Gas supply chain issues continue to impact Summit County reserve |

Gas supply chain issues continue to impact Summit County reserve

One local shuttle company is starting to fuel up outside the community

The Breckenridge City Market gas station was out of all non-diesel fuel on July 2.
Photo by Elaine Collins

As tourist visitation increases and social calendars fill up, gas supply remains delayed in Summit County due to driver shortages and high demand. The issue is impacting both gas stations and businesses alike.

Skyler McKinley, a spokesperson with AAA Colorado, said these issues will likely last the rest of summer, or even the rest of the year. In the meantime, local suppliers like City Market in Dillon are struggling to meet demand.

“This continues to be an industry issue with multiple factors contributing to delays in replenishing fuel supply including carrier capacity issues and road closures,” Jessica Trowbridge, spokesperson for King Soopers and City Market, wrote in an email. “We continue to work with our suppliers to resolve the issue and apologize for the inconvenience.”

On Saturday, July 17, all of the pumps at City Market and Shell in Dillon and Exxon and Sinclair in Silverthorne had both regular and premium gas available, but both the Kum & Go and Circle K stations in Frisco had a few pumps that were out of service.

Other businesses, such as local shuttle operators, are identifying ways around the issue. Owner of Peak 1 Express Duke Bradford said he’s instructed his drivers to fuel up outside the county for the past three weeks.

“We’ve had to sort of pivot and start filling up in Denver along the way,” Bradford said. “We travel predominantly from (Denver International Airport) there and back, so we’ve had to adjust. And when we’ve run short of fuel at our usual stops, we’ve had to then tell our drivers to drop off your guests and get gas before you get the next guests.”

Bradford said he usually has anywhere from eight to 12 shuttles traveling to and from the airport, and it usually takes one or two fuel trips to keep them running throughout the day. Bradford said drivers would fill up when they needed gas before these issues started, but now they top off whenever they can.

Bradford said it costs about $80 right now to fill up one shuttle. His drivers frequently visit the 7-Eleven in Breckenridge because of its proximity to the company’s depot.

Though working around the gas supply chain issues has been challenging, Bradford said he’s happy to be running at all since these issues are nothing like what his business went through at the beginning of the pandemic.

“To be honest, it is a challenge, but frankly we’re just excited to be open,” Bradford said. “If you think of the transportation business a year ago, we were under heavy regulation and it was a stressful time.
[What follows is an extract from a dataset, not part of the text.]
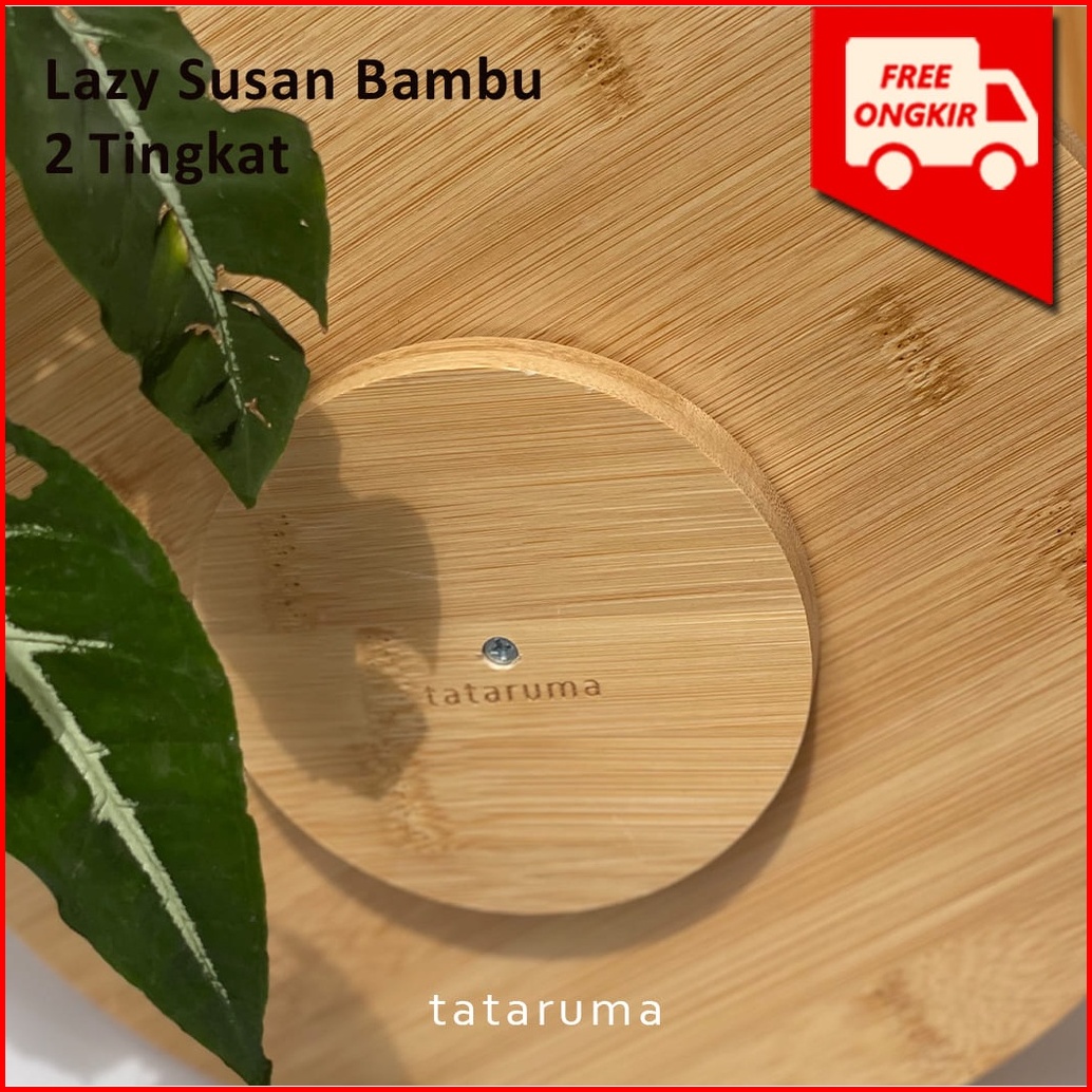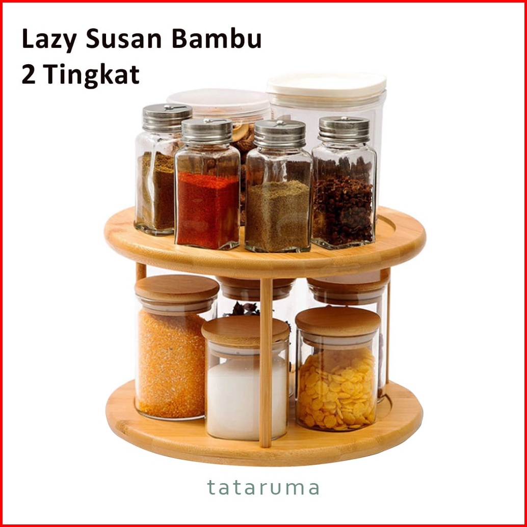 Tataruma Suzi Bamboo - Spinning Lazy Susan Organizer Bambu 2 Tingkat Turntable Double Layer Nampan Papan Wadah Meja Saji

So in the scope of things, yes, this is a challenge, but it’s not near the challenges we faced over the last year. We’ll get through it.”

As for how the gas supply chain is impacting Summit County’s fleet of vehicles, Chris Lubbers, transit director for the Summit Stage, said the issue hasn’t yet presented a problem.
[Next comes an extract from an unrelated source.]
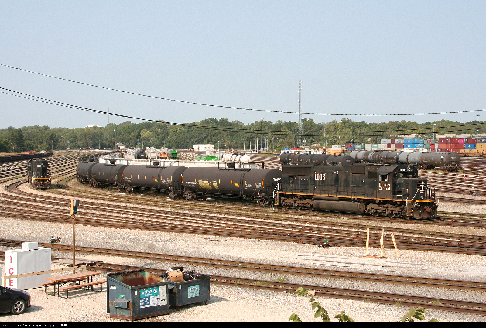 IC 1003 works a cut of tank cars while IC 1036 waits for it's next assignment on the first day of Fall.

“Regarding gasoline shortages, we have not experienced any difficulty,” Lubbers wrote in an email. “Our fuel usage consists of diesel fuel and electricity for the most part which is delivered through commercial contracts.”
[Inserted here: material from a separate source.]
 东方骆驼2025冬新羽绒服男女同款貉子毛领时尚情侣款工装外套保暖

Many local gas stations were out of regular or premium gas during and after the Fourth of July weekend. McKinley said this wasn’t a gas shortage, but rather issues related to the crude oil supply chain.

“Why I make that distinction between a shortage and what’s going on is that if you ask folks in Summit County, there was a brief period where there were intermittent outages and then fuel came and everybody was able to fill up on a pretty reasonable timeline and this was not a sustained, monthslong problem whereby Summit County drivers weren’t able to get fuel,” McKinley said. “Fundamentally, there’s a delay in the system because we rely on labor to get gas and refined oil products that last mile. Everything is flowing and getting where it needs to go, but from that point of distribution to the service stations, there are some hiccups.”

McKinley said many drivers chose to leave the industry altogether when the demand for gas dropped early last year. Now companies are focused on rehiring and training new employees, which will likely take a few months at least.

McKinley said tourists and community members can expect these issues to last at least the rest of the summer, if not the rest of the year.